-- Information provided --
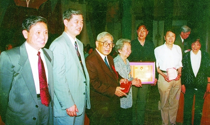 图4.1994年4月6日,厦大建校73周年庆祝大会上,卢嘉锡(左三)、谢希德(左四)和校领导向“南强奖”获得者颁奖
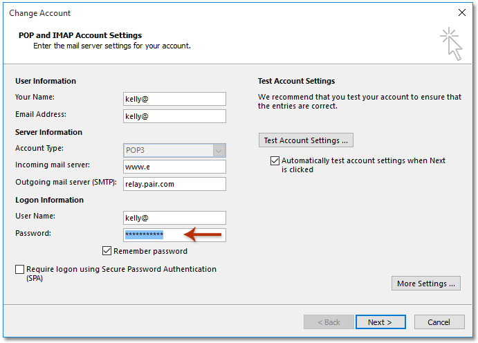 - Remember, this does not change your actual email password. This only changes the password that Outlook tries when it accesses your account.
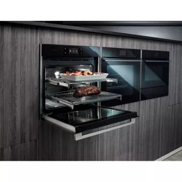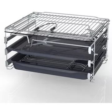 - Rails téléscopiques : ils permettent d’accéder à vos plats en les faisant coulisser en dehors de l’enceinte de cuisson en évitant les risques de basculement. Vous pourrez arroser confortablement votre rôti ou retourner facilement vos plats sans risque de brûlure.

-- Task details --
Please set down the data above exactly as given, leaving every picture out.

-- Task output --
 图4.1994年4月6日,厦大建校73周年庆祝大会上,卢嘉锡(左三)、谢希德(左四)和校领导向“南强奖”获得者颁奖
 - Remember, this does not change your actual email password. This only changes the password that Outlook tries when it accesses your account.
 - Rails téléscopiques : ils permettent d’accéder à vos plats en les faisant coulisser en dehors de l’enceinte de cuisson en évitant les risques de basculement. Vous pourrez arroser confortablement votre rôti ou retourner facilement vos plats sans risque de brûlure.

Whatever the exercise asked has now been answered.